Sunday, January 27, 2019

Charlie Munger on learning to be a great investor

A frequently asked question is, how do you learn to be a great investor? 
First of all, you have to understand your own nature, said Munger. "Each person has to play the game given his own marginal utility considerations and in a way that takes into account his own psychology. If losses are going to make you miserable—and some losses are inevitable—you might be wise to utilize a very conservative pattern of investment and saving all your life. So you have to adapt your strategy to your own nature and your own talents. I don't think there's a one-size-fits-all investment strategy that I can give you."   
Then, says Munger, you have to gather information. "I think both Warren and I learn more from the great business magazines than we do anywhere else," said Charlie. "It's such an easy, shorthand way of getting a vast variety of business experience just to riffle through issue after issue covering a great variety of businesses. And if you get into the mental habit of relating what you're reading to the basic structure of the underlying ideas being demonstrated, you gradually accumulate some wisdom about investing. I don't think you can get to be a really good investor over a broad range without doing a massive amount of reading. I don't think any one book will do it for you." 
...Munger explained that a person's reading should not be random: "...you have to have some idea of why you're looking for the information. Don't read annual reports the way Francis Bacon said you do science—which, by the way, is not the way you do science—where you just collect endless data and then only later do you try to make sense of it. You have to start with some ideas about reality. And then you have to look to see whether what you're seeing fits in with proven basic concepts. 
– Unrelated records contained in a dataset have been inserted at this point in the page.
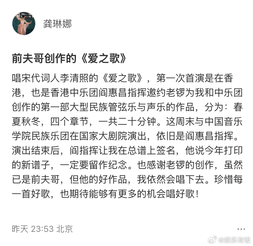 龚琳娜发文分享前夫老锣创作的《爱之歌》演出动态,称该作品是香港中乐团阎惠昌指挥邀约老锣为其和中乐团创作的第一部大型民族管弦乐与声乐作品,分春夏秋冬四章节共二十分钟。她还表示,虽老锣已是 “前夫哥”,但好作品仍会继续演唱,珍惜每一首好歌,期待更多唱好歌的机会。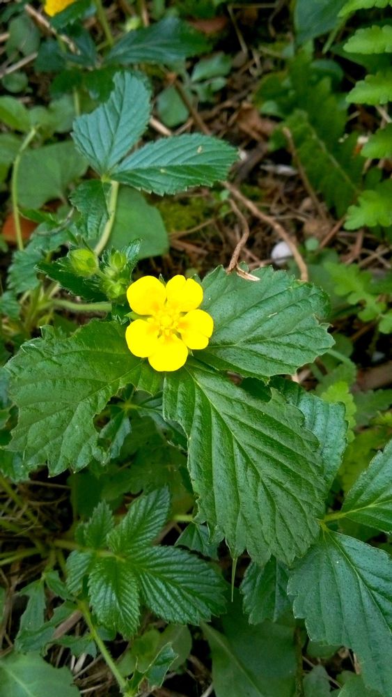 ヘビイチゴ? 家の庭にも勝手に生えていました。種で増えるのでしょうか。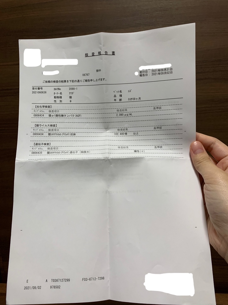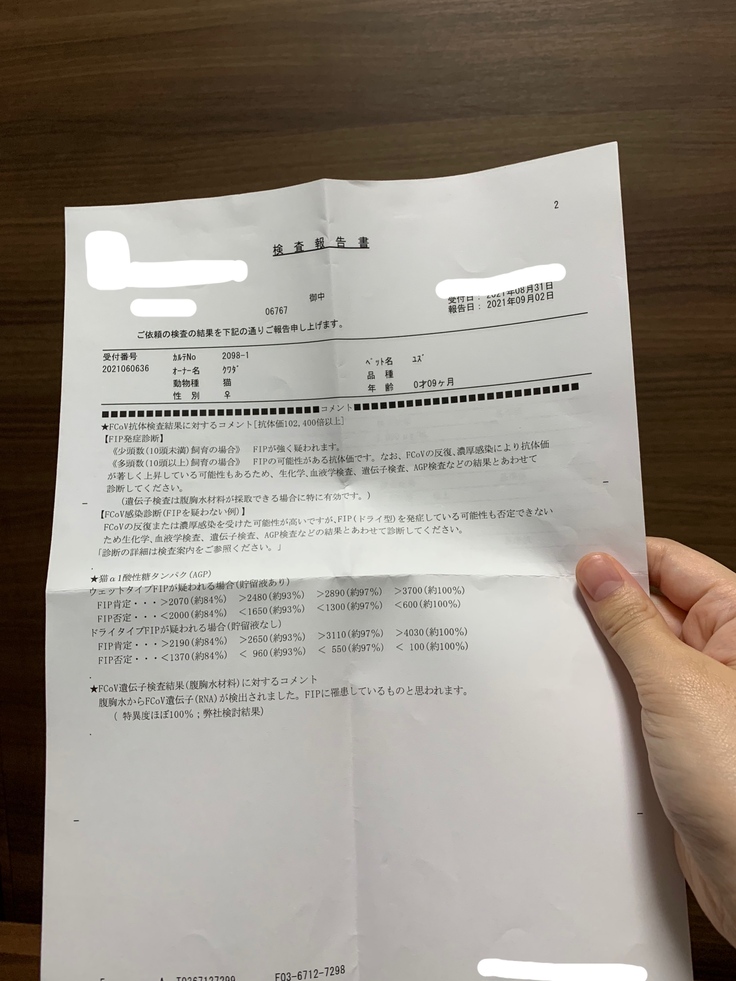 そこでFIPの混合タイプの中後期の可能性が非常に高いと診断されました。

"Frequently, you'll look at a business having fabulous results. And the question is, How long can this continue?' Well, there's only one way I know to answer that. And that's to think about why the results are occurring now—and then to figure out the forces that could cause those results to stop occurring."  
This is the method of thinking that helps Munger and Buffett spot a company that has a franchise on a certain product, a so-called "moat" around its business. There are several examples of companies that have such a strong name brand that they seem invincible. Coca Cola has been such a company, though the challenges are relentless. Munger also uses the example of Wrigley's Chewing Gum.  
"It's such a huge advantage to be by far the best-known gum company in the world. Just think of how hard it would be to replace that image. If you know you like Wrigley's Gum and you see it there for two bits, are you really going to reach for Glotz's Gum because it's 20 cents and put something you don't know in your mouth? It's not worth it for you to think about buying an alternative gum. So it's easy to understand why Wrigley's Gum has such a huge advantage."  
Once you grasp the value of a company, then you have to decide how much the company is worth if you were buying it outright, or as in the case of the typical investor, simply buying a portion of the company on the stock market.  
"The trouble with the Wrigley Gum-type investments is that everybody can see that they're wonderful businesses. So you look at it and you think, My God! The thing's at eight times book value or something. And everything else is at three times book value.' So you think, 'I know it's wonderful, but is it wonderful enough to justify that big a premium?'"  
The ability to answer such questions explains why some people are successful investors and others are not.  
"On the other hand, if it weren't a little difficult, everybody would be rich," Munger insisted.